# [PROBLEM DESCRIPTION]
Please restate word for word the lines of the entries below from the one with "油谷 止さんの外格は13画の5点!" to the one with "Edytor tapety: Czerwona", inclusive, and leave out every picture.

# [DATASET CONTENT]

::::::

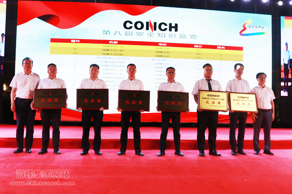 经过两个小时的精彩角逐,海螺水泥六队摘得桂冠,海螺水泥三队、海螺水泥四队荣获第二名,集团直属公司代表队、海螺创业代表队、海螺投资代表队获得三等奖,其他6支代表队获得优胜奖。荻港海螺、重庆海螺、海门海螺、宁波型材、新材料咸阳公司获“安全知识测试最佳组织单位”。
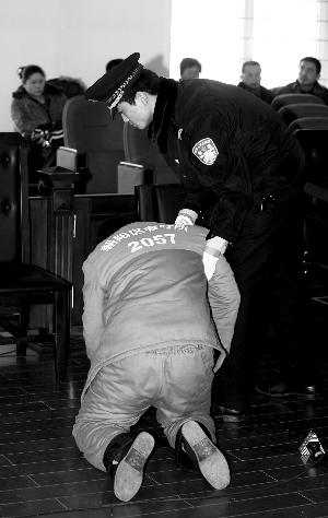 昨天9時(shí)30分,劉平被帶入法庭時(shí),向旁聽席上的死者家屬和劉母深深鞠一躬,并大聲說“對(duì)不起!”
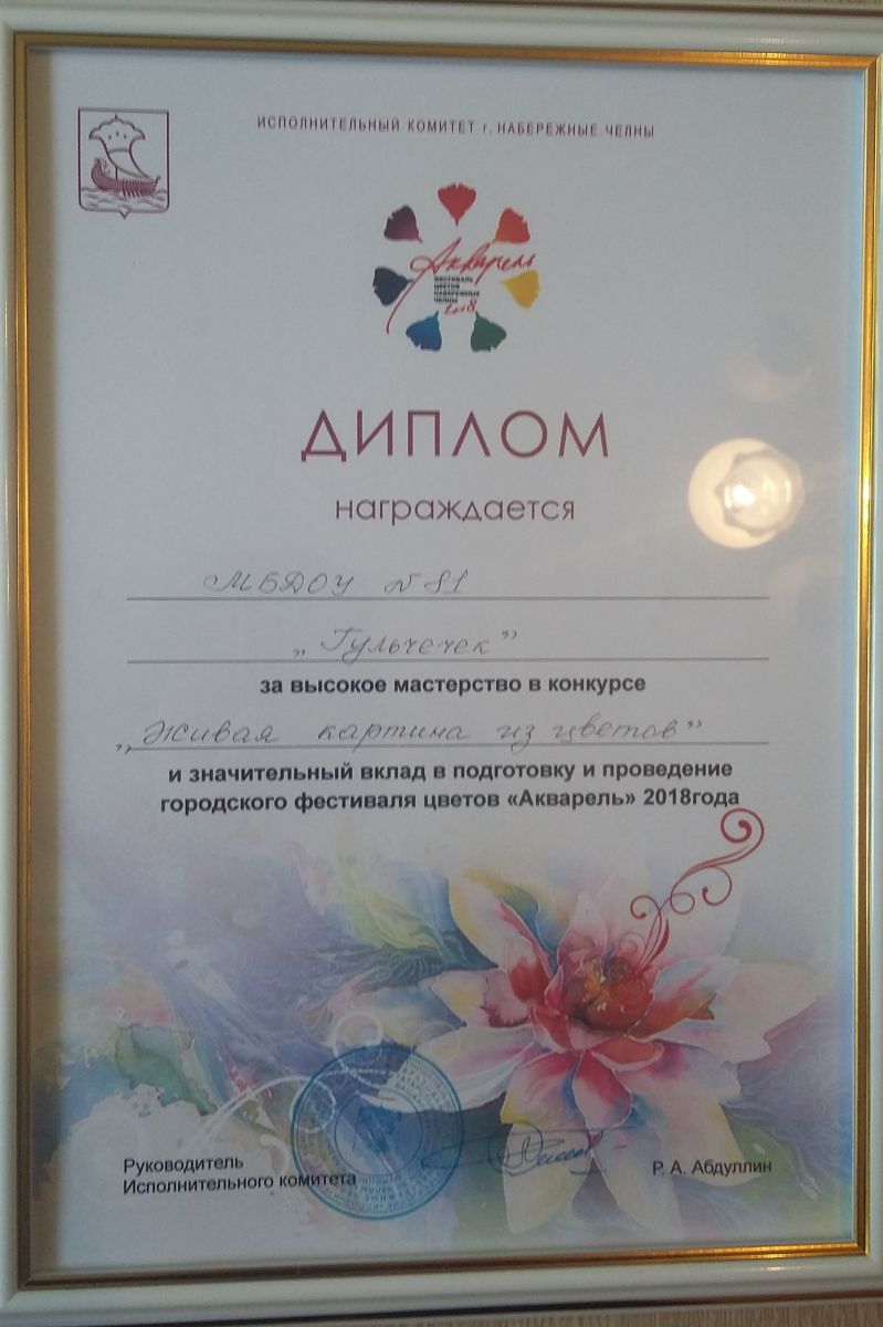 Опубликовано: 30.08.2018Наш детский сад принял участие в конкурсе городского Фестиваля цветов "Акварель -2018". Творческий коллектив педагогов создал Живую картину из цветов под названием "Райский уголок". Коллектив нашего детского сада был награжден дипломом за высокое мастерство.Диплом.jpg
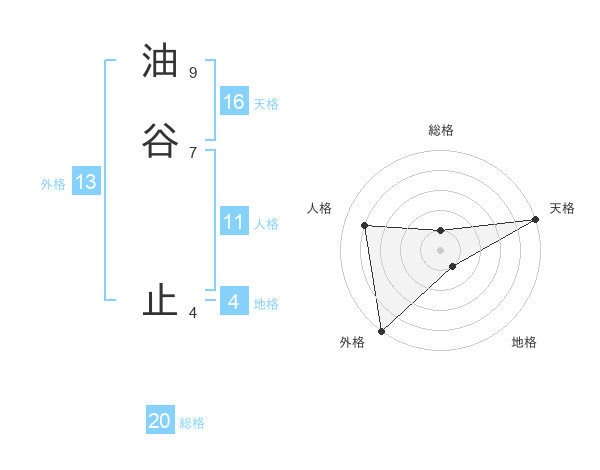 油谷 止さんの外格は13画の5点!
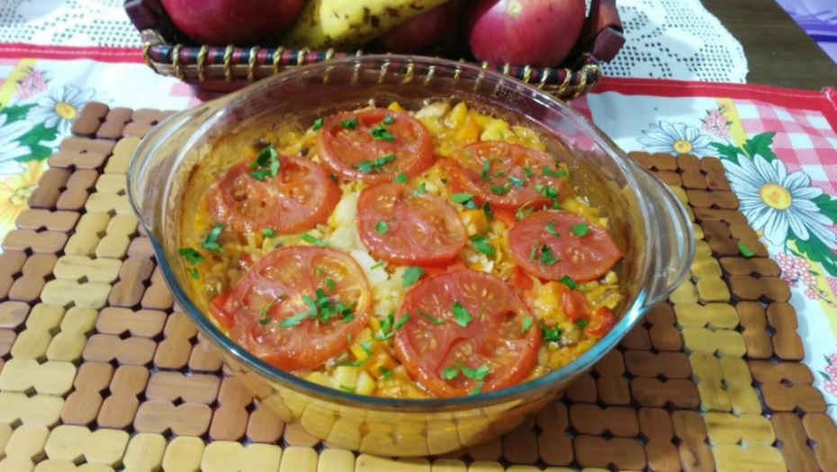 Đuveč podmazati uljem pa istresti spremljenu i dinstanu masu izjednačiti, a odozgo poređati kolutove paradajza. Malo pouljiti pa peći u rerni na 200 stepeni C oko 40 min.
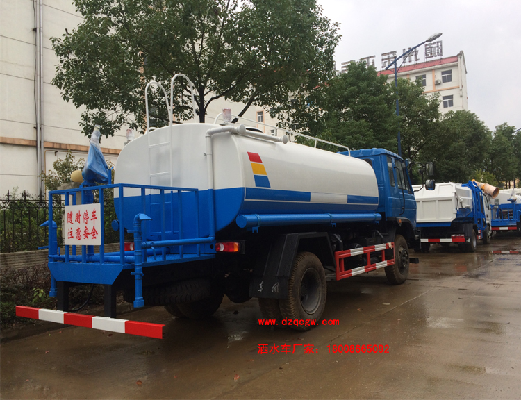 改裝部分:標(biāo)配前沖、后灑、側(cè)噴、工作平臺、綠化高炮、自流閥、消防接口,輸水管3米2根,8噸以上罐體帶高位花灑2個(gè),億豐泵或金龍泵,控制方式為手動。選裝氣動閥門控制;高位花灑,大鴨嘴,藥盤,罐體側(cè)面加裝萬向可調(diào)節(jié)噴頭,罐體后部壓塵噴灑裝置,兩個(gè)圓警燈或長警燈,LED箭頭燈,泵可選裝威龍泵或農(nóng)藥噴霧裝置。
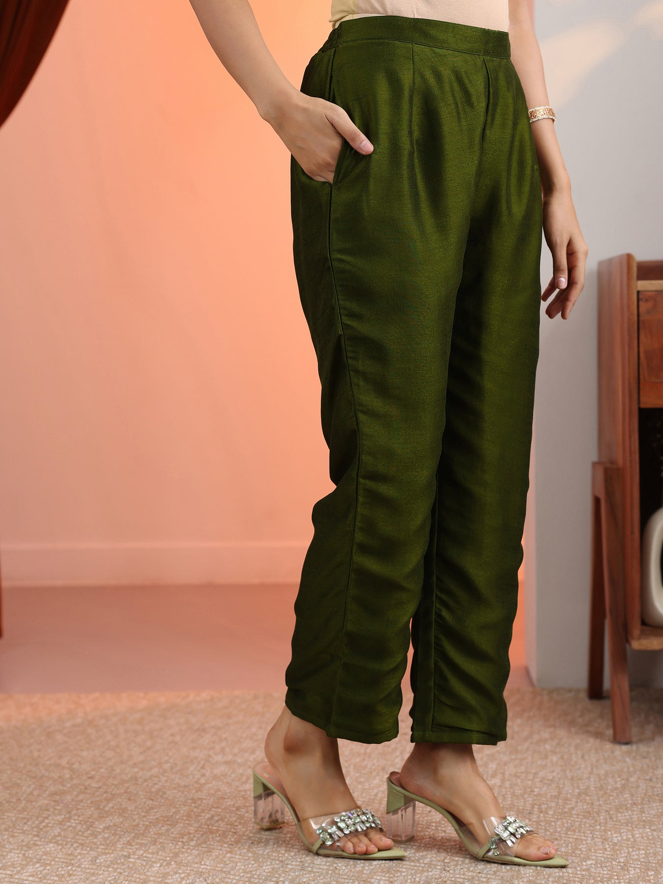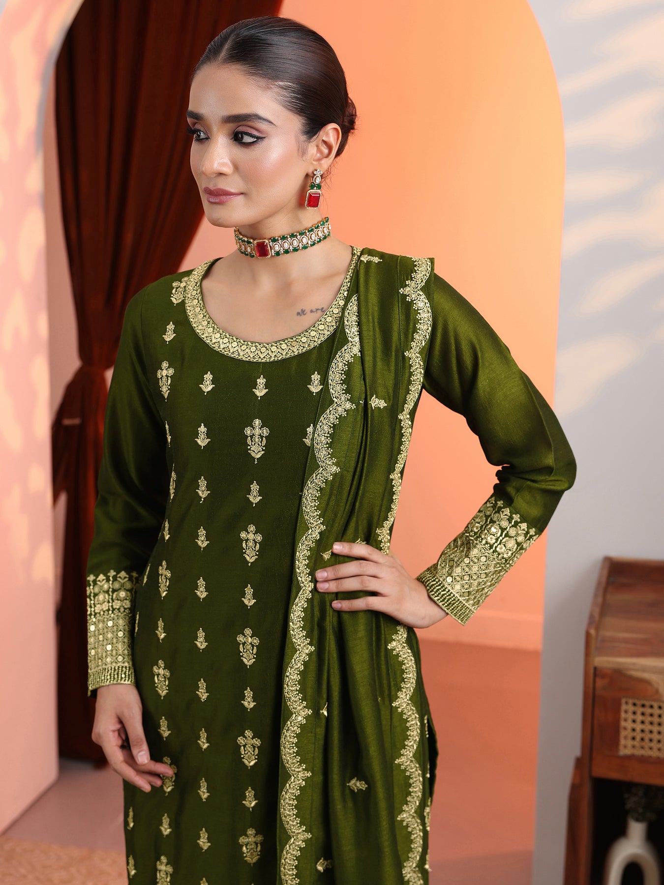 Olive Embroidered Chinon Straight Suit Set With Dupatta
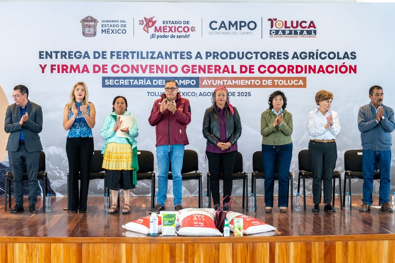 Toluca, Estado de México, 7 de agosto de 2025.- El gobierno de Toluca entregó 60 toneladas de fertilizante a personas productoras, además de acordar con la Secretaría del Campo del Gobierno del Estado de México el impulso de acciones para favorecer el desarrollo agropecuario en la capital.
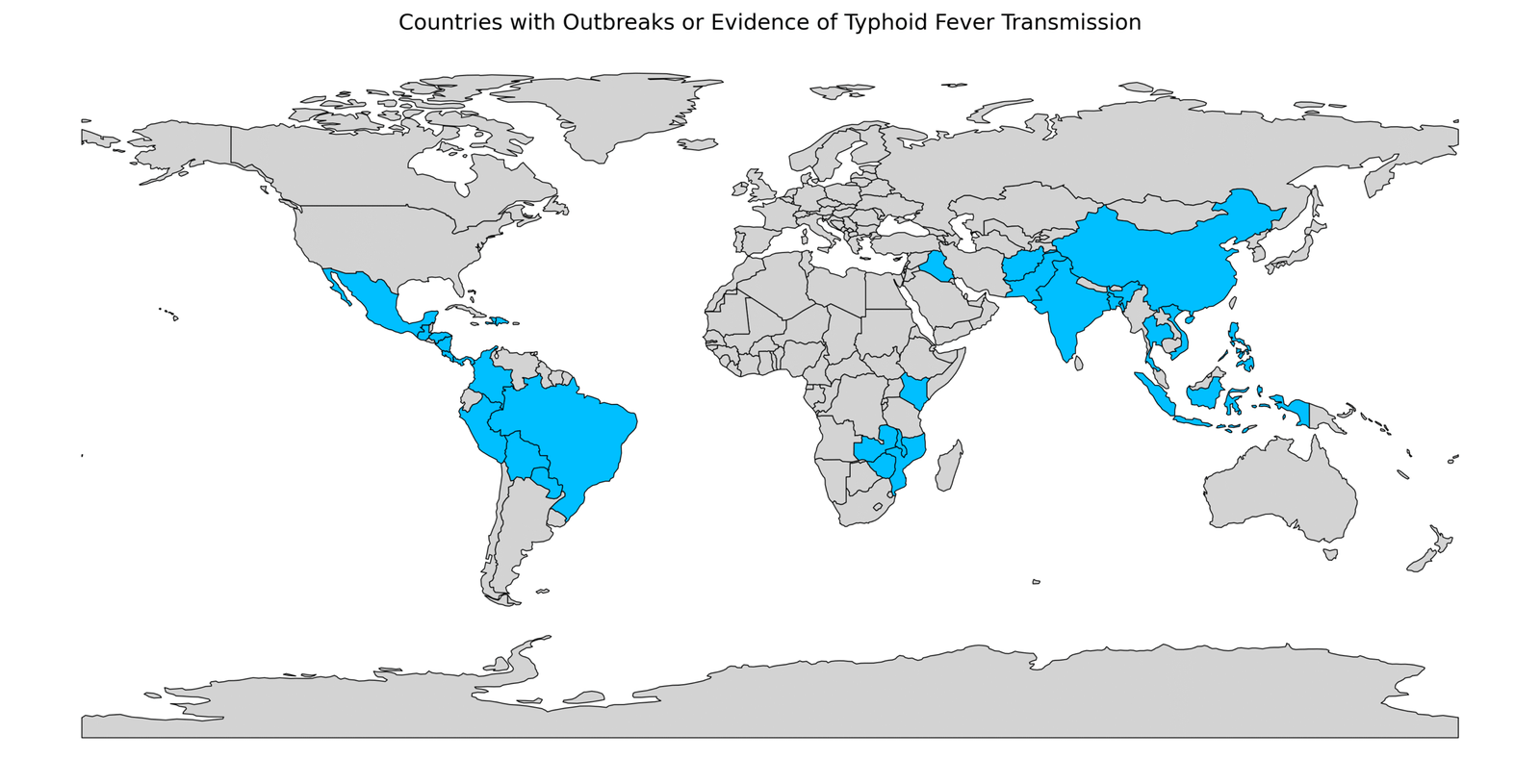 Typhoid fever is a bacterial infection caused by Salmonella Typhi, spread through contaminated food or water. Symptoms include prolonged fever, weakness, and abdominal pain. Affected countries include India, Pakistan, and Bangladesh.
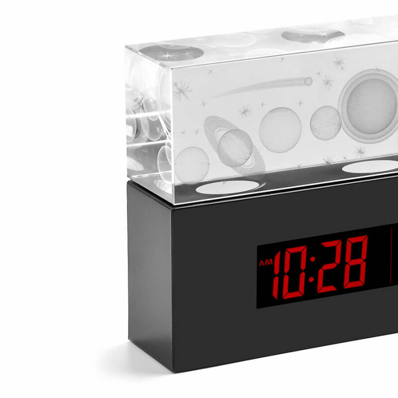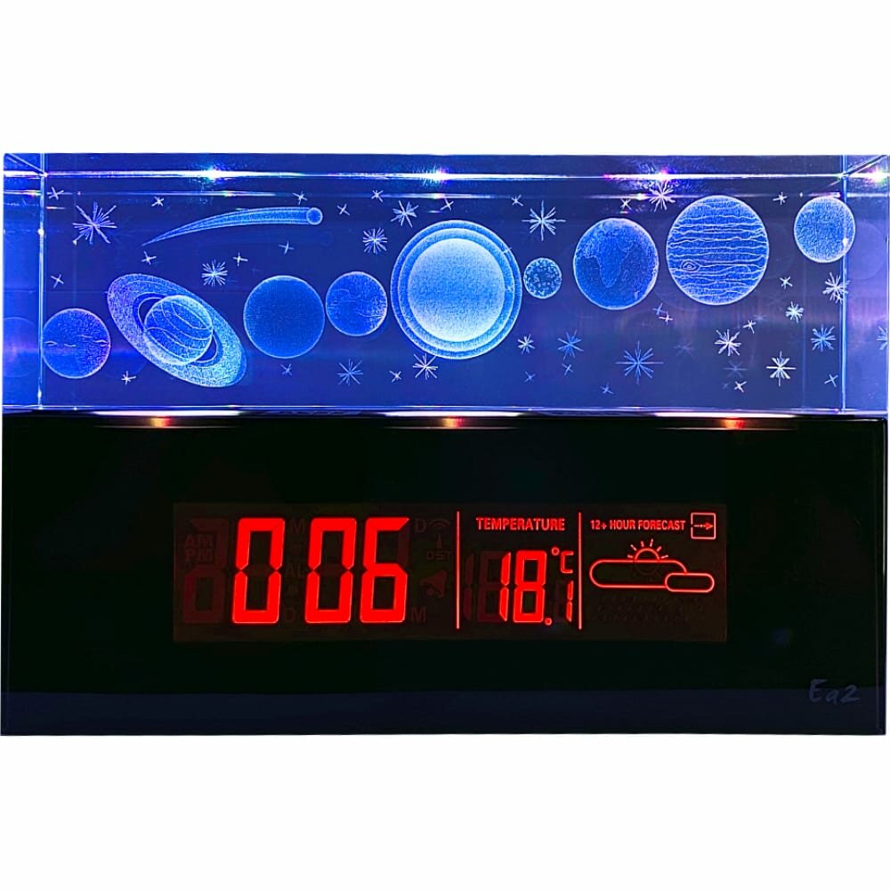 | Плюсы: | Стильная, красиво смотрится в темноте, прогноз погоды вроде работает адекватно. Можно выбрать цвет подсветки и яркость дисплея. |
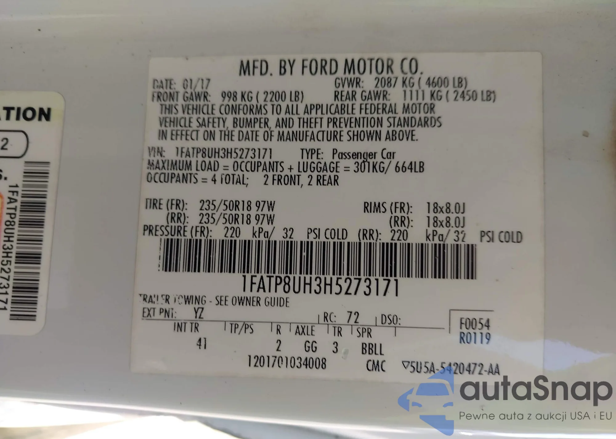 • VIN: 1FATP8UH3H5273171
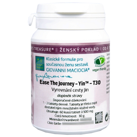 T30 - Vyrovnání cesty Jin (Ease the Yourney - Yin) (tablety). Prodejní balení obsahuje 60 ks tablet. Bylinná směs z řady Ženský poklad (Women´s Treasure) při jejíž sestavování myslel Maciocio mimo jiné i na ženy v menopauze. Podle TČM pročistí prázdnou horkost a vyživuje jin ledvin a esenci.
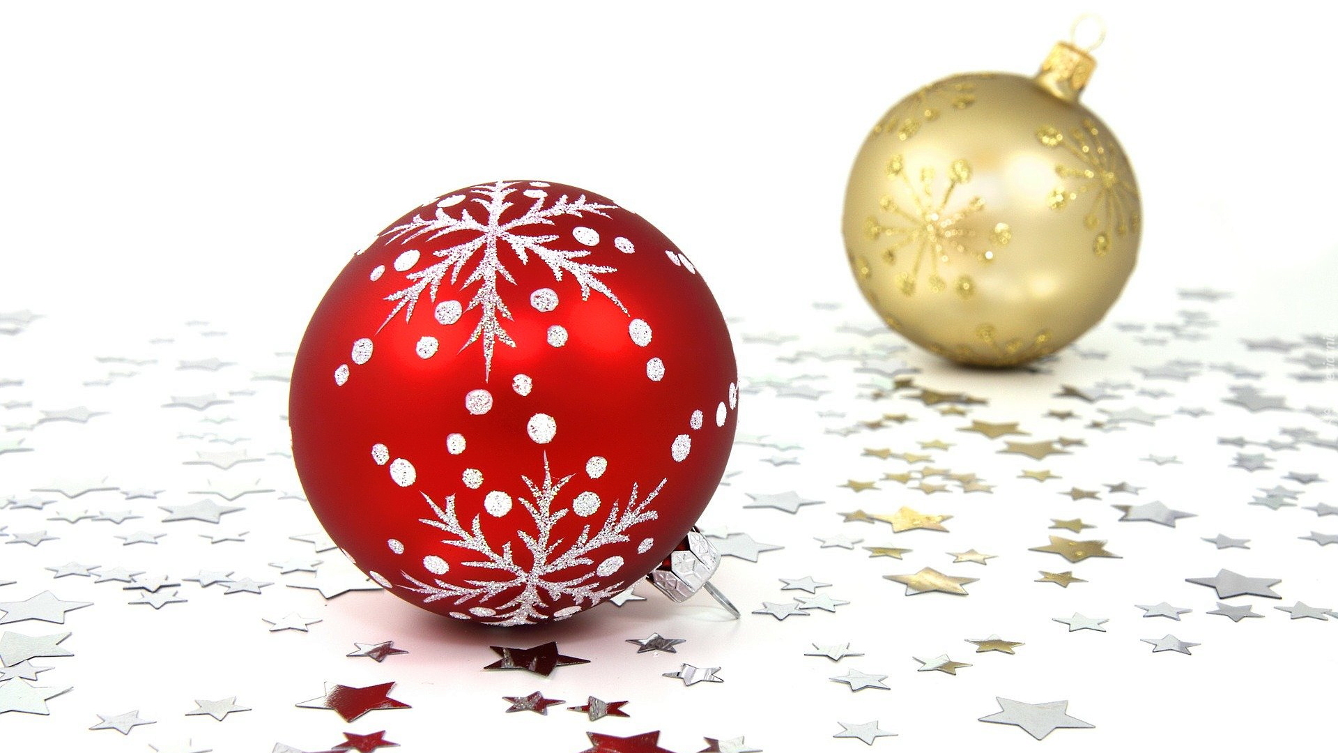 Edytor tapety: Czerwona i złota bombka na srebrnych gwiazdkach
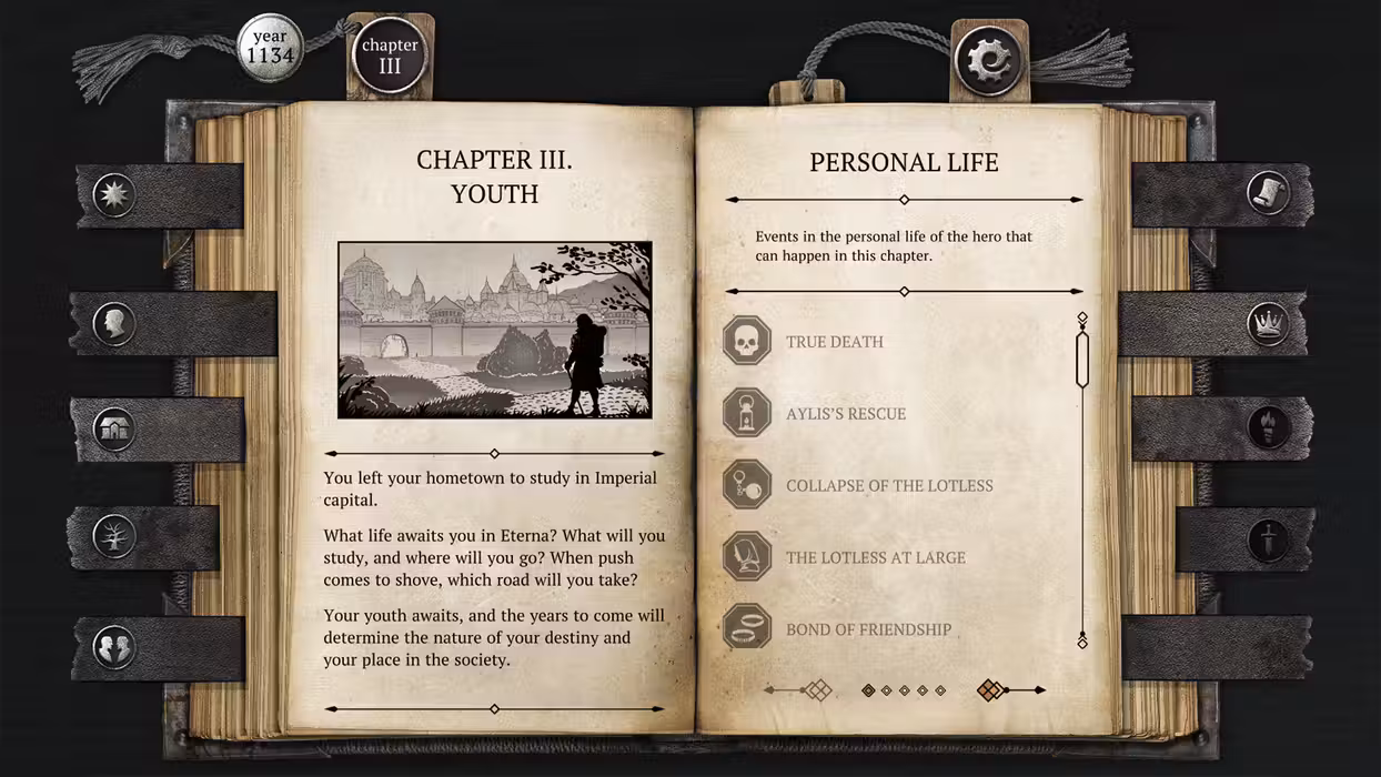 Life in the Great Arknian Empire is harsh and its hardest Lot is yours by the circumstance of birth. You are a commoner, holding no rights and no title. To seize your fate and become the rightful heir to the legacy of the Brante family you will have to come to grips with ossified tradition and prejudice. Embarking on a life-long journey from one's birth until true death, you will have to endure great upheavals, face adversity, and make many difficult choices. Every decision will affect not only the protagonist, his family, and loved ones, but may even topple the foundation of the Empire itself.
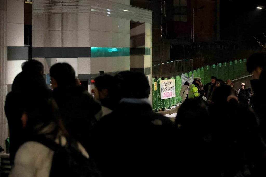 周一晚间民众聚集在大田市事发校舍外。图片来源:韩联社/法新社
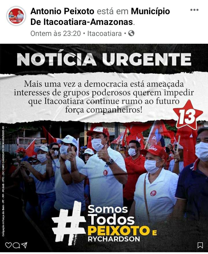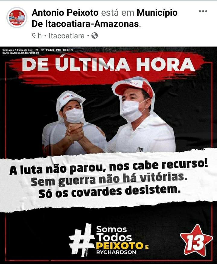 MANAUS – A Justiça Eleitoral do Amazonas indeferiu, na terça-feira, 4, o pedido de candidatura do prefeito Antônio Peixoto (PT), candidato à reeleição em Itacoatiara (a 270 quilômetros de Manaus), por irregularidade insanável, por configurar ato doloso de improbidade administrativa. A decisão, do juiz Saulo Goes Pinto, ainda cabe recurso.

::::::

# [TASK SOLUTION]
 油谷 止さんの外格は13画の5点!
 Đuveč podmazati uljem pa istresti spremljenu i dinstanu masu izjednačiti, a odozgo poređati kolutove paradajza. Malo pouljiti pa peći u rerni na 200 stepeni C oko 40 min.
 改裝部分:標(biāo)配前沖、后灑、側(cè)噴、工作平臺、綠化高炮、自流閥、消防接口,輸水管3米2根,8噸以上罐體帶高位花灑2個(gè),億豐泵或金龍泵,控制方式為手動。選裝氣動閥門控制;高位花灑,大鴨嘴,藥盤,罐體側(cè)面加裝萬向可調(diào)節(jié)噴頭,罐體后部壓塵噴灑裝置,兩個(gè)圓警燈或長警燈,LED箭頭燈,泵可選裝威龍泵或農(nóng)藥噴霧裝置。
 Olive Embroidered Chinon Straight Suit Set With Dupatta
 Toluca, Estado de México, 7 de agosto de 2025.- El gobierno de Toluca entregó 60 toneladas de fertilizante a personas productoras, además de acordar con la Secretaría del Campo del Gobierno del Estado de México el impulso de acciones para favorecer el desarrollo agropecuario en la capital.
 Typhoid fever is a bacterial infection caused by Salmonella Typhi, spread through contaminated food or water. Symptoms include prolonged fever, weakness, and abdominal pain. Affected countries include India, Pakistan, and Bangladesh.
 | Плюсы: | Стильная, красиво смотрится в темноте, прогноз погоды вроде работает адекватно. Можно выбрать цвет подсветки и яркость дисплея. |
 • VIN: 1FATP8UH3H5273171
 T30 - Vyrovnání cesty Jin (Ease the Yourney - Yin) (tablety). Prodejní balení obsahuje 60 ks tablet. Bylinná směs z řady Ženský poklad (Women´s Treasure) při jejíž sestavování myslel Maciocio mimo jiné i na ženy v menopauze. Podle TČM pročistí prázdnou horkost a vyživuje jin ledvin a esenci.
 Edytor tapety: Czerwona i złota bombka na srebrnych gwiazdkach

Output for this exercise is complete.